**** RECORD EXTRACTS ****

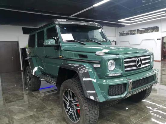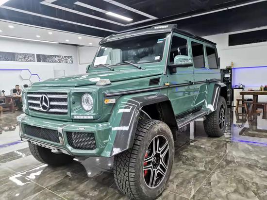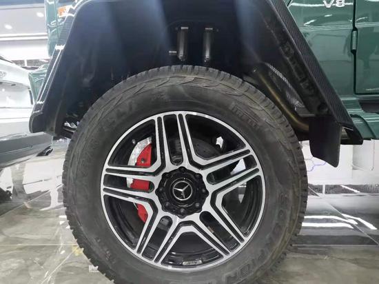 17款奔驰G550 4x4采用与G级 (配置|询价)AMG车型采用了相同的设计,保险杠下部增加了镀铬下护板,车顶增加了可拆卸的碳纤维扰流板,扰 流板两侧融入了LED灯光系统。新车轮距进行加宽 四轮独立悬挂双避震器,对比普通版整大了一圈,也增加了最高通过性和涉水能力。
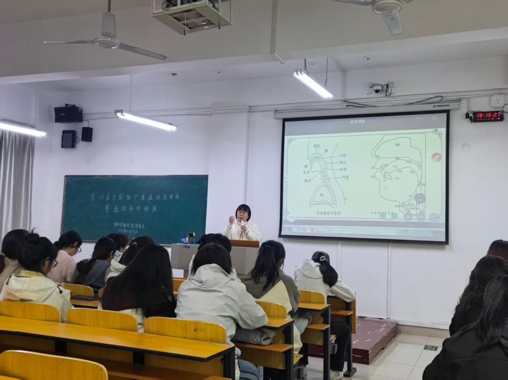 讲座内容紧密结合学生实际需求,系统梳理了普通话声、韵、调方面的基本知识,对普通话常见难点进行辨析,并为学生提供了行之有效的提升训练方法。同时,详细解读了国家普通话水平测试的完整流程、评分标准、注意事项以及备考策略,为有测试需求的学生提供了极具价值的指导。讲座现场互动积极,气氛热烈,老师们专业的讲解与耐心的答疑获得了在场同学的一致好评。
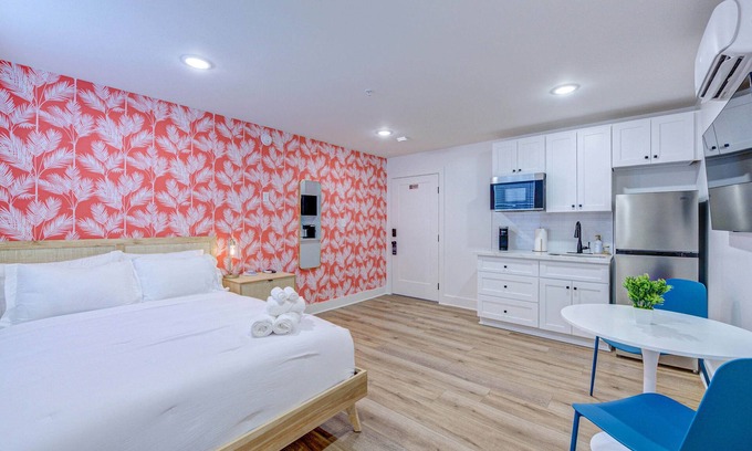 Opening on January 1, 2023, we are conveniently located approximately five blocks from Galveston's famed Seawall. The Botanical gives guests a hotel feel while enjoying the cozy comforts of their own unique short-term living bedroom and full bath. Our building is also located adjacent to the UTMB medical complex and just minutes from the historic Strand district. Be one of our first guests! If your favorite room is already booked, search us and add a different studio apartment # (1-21).
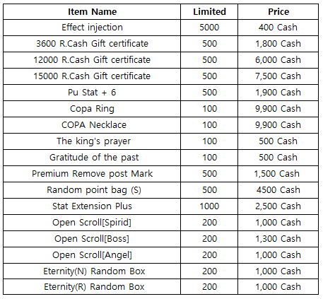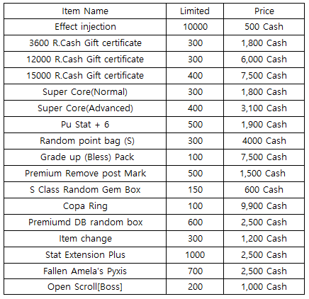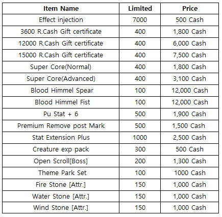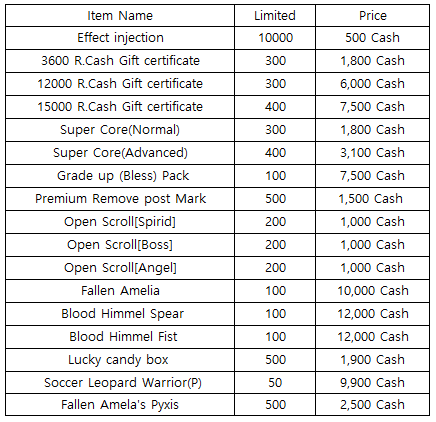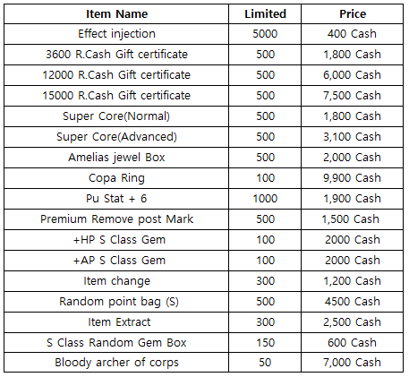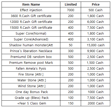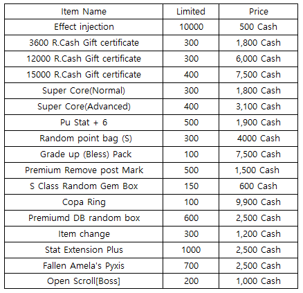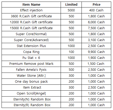 3) Happy Hour event(When you stay at the server at this time, you will get rewards) - 18:30 : 1000 R.Cash Gift certificate - 19:30 : Super Core(Advanced) - 20:30 : Chaos Max(30EA)
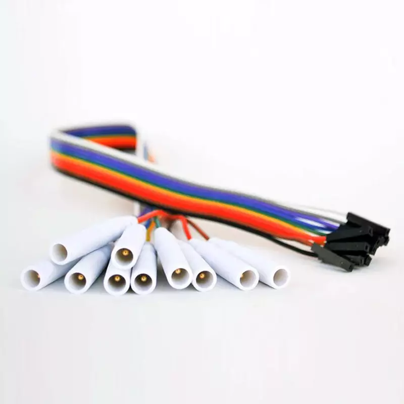 该转接线主要用于将EEG电极帽和无凝胶BCI电极帽的DIN接触式电极线缆转接到OpenBCI生物传感板。
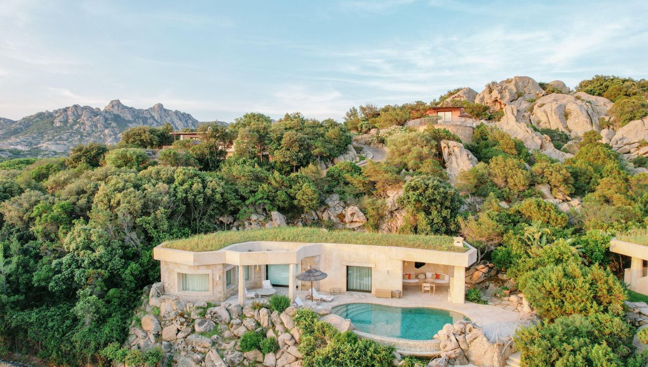 Hotel nabízí ubytování v elegantních pokojích, prostorných suitách i luxusních vilách, které poskytují nejvyšší úroveň soukromí. Interiéry jsou zařízeny v tradičním sardinském stylu s důrazem na přírodní materiály, světlo a pohodlí. Vily s vlastním bazénem a výhledem na moře představují absolutní vrchol nabídky a jsou ideální pro náročné klienty, kteří chtějí mít svůj vlastní prostor bez kompromisů.
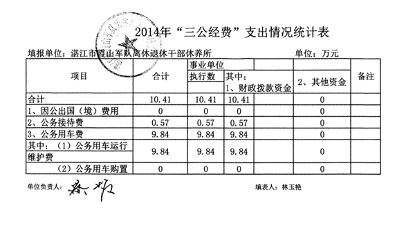 双赢彩票(中国)开奖记录官网 霞山区军队离休退休干部休养所2014年“三公”经费支出情况统计表
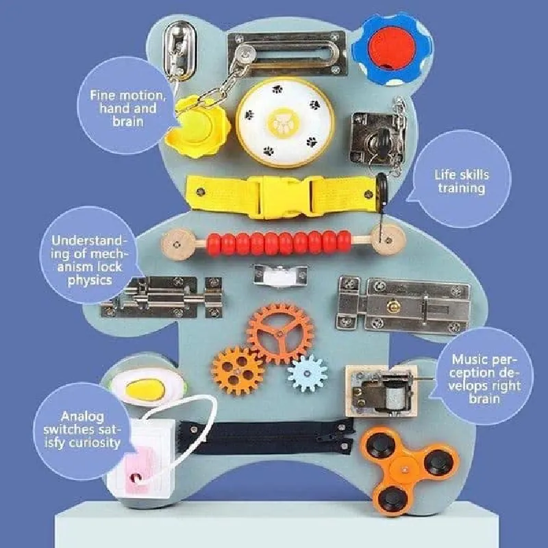 - Design tematic cu ursuleț: Busy Board-ul are un design tematic cu un ursuleț , ceea ce îl face atrăgător și familiar pentru copii.
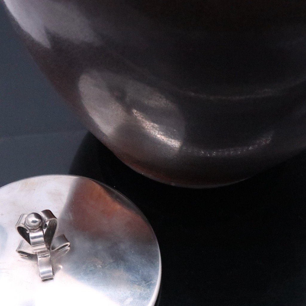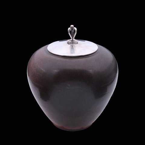 Saxbo - C. Jensen. Stor krukke i stentøj med låg i sølv.
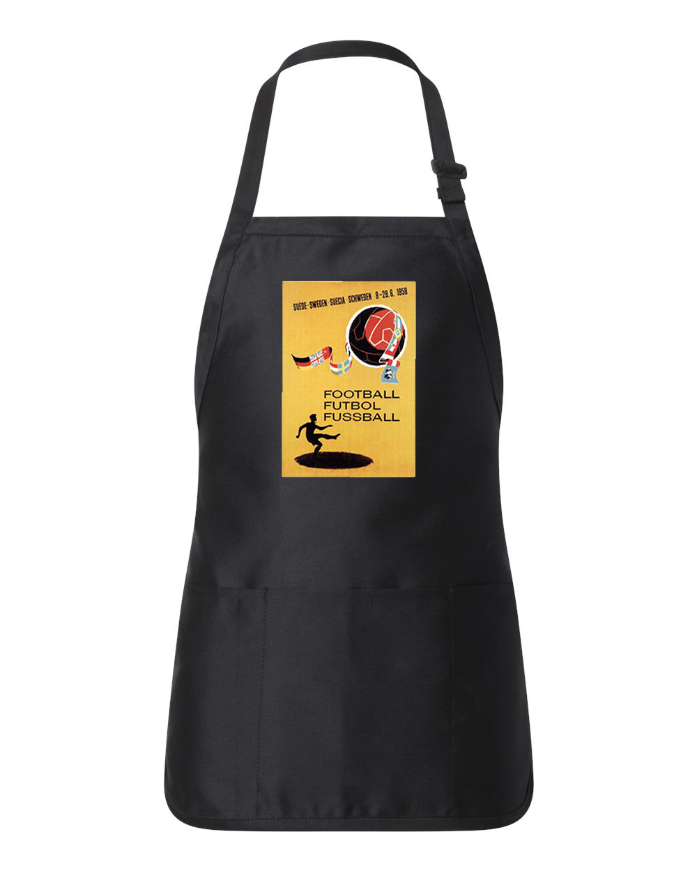 1958 FIFA World Cup Sweden Soccer Logo Symbol Emblem Customized Design on Full-Length Apron with Pouch Pocket

****

* TASK DESCRIPTION *
Exact copy, pictures excluded: print only the lines from the line containing "Hotel nabízí ubytování" through the end of the records.

* EXERCISE RESPONSE *
 Hotel nabízí ubytování v elegantních pokojích, prostorných suitách i luxusních vilách, které poskytují nejvyšší úroveň soukromí. Interiéry jsou zařízeny v tradičním sardinském stylu s důrazem na přírodní materiály, světlo a pohodlí. Vily s vlastním bazénem a výhledem na moře představují absolutní vrchol nabídky a jsou ideální pro náročné klienty, kteří chtějí mít svůj vlastní prostor bez kompromisů.
 双赢彩票(中国)开奖记录官网 霞山区军队离休退休干部休养所2014年“三公”经费支出情况统计表
 - Design tematic cu ursuleț: Busy Board-ul are un design tematic cu un ursuleț , ceea ce îl face atrăgător și familiar pentru copii.
 Saxbo - C. Jensen. Stor krukke i stentøj med låg i sølv.
 1958 FIFA World Cup Sweden Soccer Logo Symbol Emblem Customized Design on Full-Length Apron with Pouch Pocket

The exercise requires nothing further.